The authors have declared that no competing interests exist.

Figures

Fig 1
Fig 1. Landscape of Primary KS.
Single cell suspensions from viably frozen primary KS blood and enzymatically separated skin tumor samples processed for scRNAseq resulted in A) an unsupervised UMAP clustering projection of the merged data set containing 248,741 cells from 23 samples representing a landscape of 25 clusters. Between 15 and 25% of cells from each sample were removed when filtering out dying cells (>20% mitochondrial genes), low quality cells (proportion of UMI > 93rd percentile), and doublets (identified by DoubletFinder package). Seurat’s default settings were used for normalization and scaling. Principal component (PC) analysis was based on 22 high variable genes with clustering of cells set at a resolution of 0.6. The box around clusters 2, 13, and 19 indicates they are endothelial cells in skin tumors with 95% of KSHV-infected cells mapping to cluster 13. B) UMAP clustering projection color coded based on individual sample distribution across the merged dataset. Samples were submitted in three batches indicated by the color of the sample name in the legend (batch 1, red; batch 2, blue; batch 3, black) and the percent of KSHV+ cells contributed by each sample and the percent of KSHV+ cells present in each sample is shown in S1C Fig. C) UMAP clustering projection color-coded based on tissue source of each sample demonstrated that cells obtained from skin (n=175,472) and peripheral blood mononuclear cell (PBMC) (n=73,269) form clearly delineated clusters. D) UMAP clustering projection color-coded based on reads corresponded to the KSHV genome in which 3,118 KSHV+ cells (with 2 or more reads of viral transcripts) in the merged object corresponding to an average of 1.8% of total tumor cells. 2,970 (95%) of KSHV+ cells were in cluster 13. KSHV+ cells were not detected in PBMC samples. E) UMAP clustering projection color-coded were based on cell annotation using SingleR and the Human Primary Cell Atlas (HPCA) reference dataset.
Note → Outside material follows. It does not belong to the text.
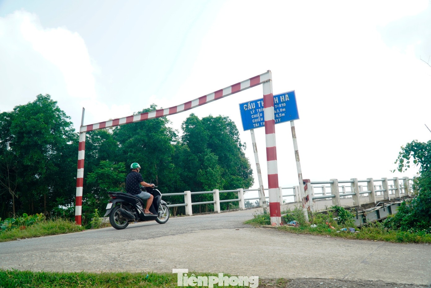 Cầu Thanh Hà cũ được xây dựng từ năm 1992, khổ cầu chỉ rộng 6,5m và hiện bị giới hạn tải trọng 5 tấn. Ảnh: Ngọc Văn (Báo Tiền Phong)

The inset focuses on vascular (red) vs. lymphatic endothelial cells (green) within clusters 2, 13, and 19 identifying cluster 13 as predominantly lymphatic endothelial cells.
Fig 2
Fig 2. Latent and Lytic KSHV in Primary KS.
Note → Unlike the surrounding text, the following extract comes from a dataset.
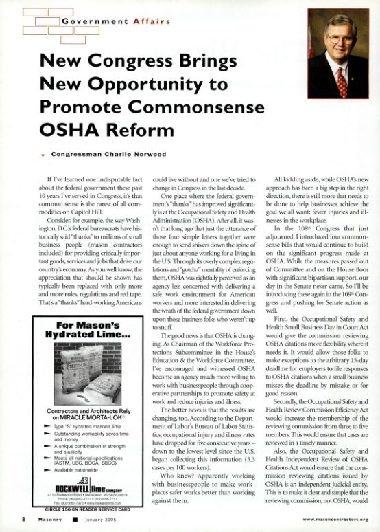 Consider, for example, the way Washington, D.C.s federal bureaucrats have historically said "thanks" to millions of small business people (mason contractors included) for providing critically important goods, services and jobs that drive our country's economy. As you well know, the appreciation that should be shown has typically been replaced with only more and more rules, regulations and red tape. That's a "thanks" hard-working Americans could live without and one we've tried to change in Congress in the last decade.

A “latent” cell is defined as any cell expressing at least two reads from any of the following KSHV latency transcripts: LANA (ORF73, gp81), Kaposin (K12, gp79), vFLIP (ORF71, gp80), K15 (ORF75, gp85), vOX-2 (K14, gp83), or vIRF-2 (gp65) AND expressing no other KSHV gene. A “lytic” cell is defined as any cell expressing at least one read from a latency transcript AND at least one read from any other viral gene. When all samples are combined in a single data set as in Fig 1, KSHV infected cells populate in a single cluster (cluster 13). A) Lytic vs. Latent: Within the UMAP clustering projection described in Fig 1, 2,970 KSHV+ cells are in cluster 13; of which the virus is in latency in 1,257 cells (42%) and lytic replication in 1,713 cells (58%). However, when samples are evaluated individually, unsupervised clustering divides KSHV infected cells into two distinct clusters. B) Two clusters: 10X Cell Ranger, unsupervised, graph-based t-SNE plots of KS6B, KS8, and KS9 skin tumors with KSHV+ (red) clusters (A and B) highlighted. Remaining cluster colors are not coordinated between samples. C) An exploded diagram of the t-SNE plot of sample KS6B in which clusters A (brown) and B (purple) are magnified and color coded based on Log2 KSHV gene expression and lytic vs latent cell identity demonstrate that viral gene expression and lytic vs latent replication are not the defining features that distinguish the cluster A from cluster B. Samples shown in panels B and C were those samples with >2% KSHV-positive cells (S1C Fig).
Fig 3
Fig 3. Two Populations of KSHV Infected Cells in Primary KS.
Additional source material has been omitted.